When looking at the figures from the employment survey published by the INE, it can be seen that, as in previous crises, the jobs that are decreasing the most are those with the least seniority, less than six months, and that it is in the group older. young people, up to age 25, who lost more jobs (see box). This indicates that, for a significant number of young people, the doors of the labor market were closed with the crisis, something that, inevitably, will eventually be reflected in the salaries offered.

“Young people who are looking for their first job right now face a much more difficult scenario in the present and then that ends up persisting in the future, because the subsequent trajectory is also more difficult,” says Joana Silva, who supervised the master’s thesis. which points to the existence of a “scar effect” during the previous crisis and directs the PROSPER research center.

This economist also points out that there are more reasons for history to repeat itself now. “The fact that the recession is now more synchronized in all countries and that the situation is difficult everywhere, makes emigration not an alternative for some young people, as it happened in the previous crisis,” he says, also pointing out that On the commercial side, there may also be long-term effects. “If companies, due to the characteristics of this crisis, begin to change the combination of workers they use and stop being intensive in labor to become capital, these are changes that companies then have difficulty reversing. The consequence in these cases is a resumption without more jobs, something that is penalizing all workers, and particularly the youngest, ”he says.

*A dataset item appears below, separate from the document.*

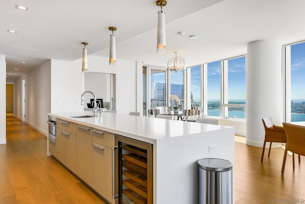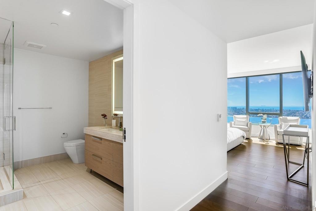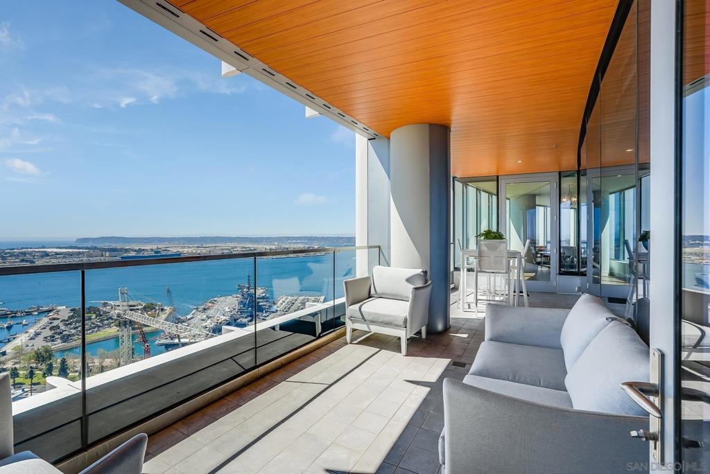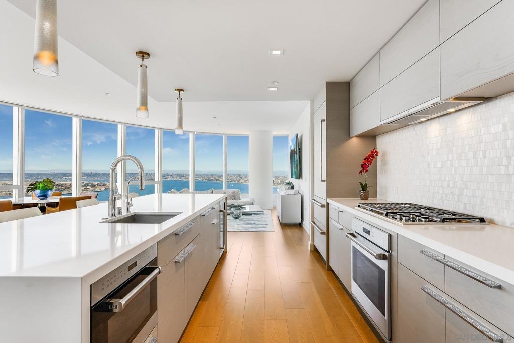 INCREDIBLE VIEWS!! The only available '02 Estate Collection Unit. Like New-SW facing residence receives lots of natural light & has captivating bay and ocean views. Pacific Gate offers the ultimate in luxury high rise living with amenities including concierge, business center,community lounge, luxury car fleet, 50 feet yacht share program, pool, spa, cabanas, fitness center, steam room & sauna, theatre, pet retreat &guest suite. Asking Price to include furniture. Pacific Gate by Bosa is a collection of new, luxury condo residences in Downtown San Diego and its iconic design is a fitting addition to the area’s continually transforming and vibrant scene. With stunning city and waterfront views, residents will enjoy the best of Downtown San Diego and be positioned at the center of it all. As the new premier luxury residences in San Diego, Pacific Gate by Bosa is redefining the city’s skyline with its dynamic architecture. A landmark designed to reflect the fluid forms of the shoreline, Pacific Gate offers more than just a place to call home. Its innovative architecture defines each residence as one of the most stunning and revolutionary developments in San Diego real estate. Pacific Gate offers flawless finishes and unparalleled services and amenities – not before seen in San Diego – all designed to bring the extraordinary to day-to-day living. Residents enjoy luxurious, custom-designed amenity spaces and residences that seamlessly marry contemporary design using a blend of craftsmanship, natural materials and technologically forward techniques -- evoking the coastal vibe, all enveloped in the form and flow of the building. Each residence features expansive windows, bright open layouts and breathtaking views ranging from city to the waterfront. The residences feature HBA custom-designed kitchens cabinets with grain matched cathedral veneer hewn from single lengths of wood, custom kitchen hardware, quartz counter tops and state-of-the-art appliances from Wolf, Sub-Zero and Miele. Spacious master bathrooms are complete with polished stone floors and stone mosaic walls, and an invigorating chrome Graff immersion shower system with rain and handheld showers. Additionally theSmart Home technology allows residents to automate climate, lighting and window treatments through their phone or tablet to produce an unparalleled experience in one of the world’s most sought after coastlines. In addition to iconic architecture, stunning and luxurious interiors, residents of Pacific Gate will have access to the most extensive resort-like services and amenities in the area, from a Residents Only Guest Suite, Chef Concierge, Porter Services, PrivateLuxury Car Fleet and Pacific Dream, Pacific Gate’s Private Boat Share. Equipment: Dryer,Fire Sprinklers,Garage Door Opener, Range/Oven, Washer, Water Filtration Sewer: Sewer Connected Topography: LL

For João Cerejeira, a professor at the University of Minho, the inevitability of an initial negative effect for new workers is also evident, and the speed with which this effect dissipates largely depends on the strength of the recovery.

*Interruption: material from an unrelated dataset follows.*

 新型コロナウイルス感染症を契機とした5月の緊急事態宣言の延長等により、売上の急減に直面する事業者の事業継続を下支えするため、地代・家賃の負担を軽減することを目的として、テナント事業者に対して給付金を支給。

This economist, however, sees some important differences between the current crisis and the previous one. On the one hand, although from the salary point of view, the previous crisis particularly affected the middle class and the upper middle class, this is affecting more people with lower incomes.

And at the sectoral level, if in 2011 the crisis began in construction but quickly spread to the entire economy, now “there may be sectors in which they are hiring massively, such as health, information technology, or even construction and some sectors transformation, but at the same time there are activities, such as tourism or restaurants, that are highly penalized ”. This is where it will be possible this time to focus the negative effect on those who are now beginning their active life.

There is no doubt about one thing, this persistent loss that younger workers may feel also results, as the International Labor Organization (ILO) warns, in “extensive and long-term damage to our societies.” Therefore, public policies that contradict this feat are desirable.

The economist Miguel Gouveia, at the Banco de Portugal conference held last Monday, argued that, to minimize this persistent negative effect, it would be important to take measures to promote new hires by companies, suggesting, for example, the possibility of introducing a mechanism for reducing the minimum wage applied to young people.

As for John Cherry, “public policy cannot do much in relation to the wages that are practiced now”, but before it can “play an important role in the conversion” of the new or old workers now affected. “The crisis will be persistent and help is needed, particularly with the support of education for the sectors of job transfer where the crisis will be persistent for the sectors that are better off”, argues the economist.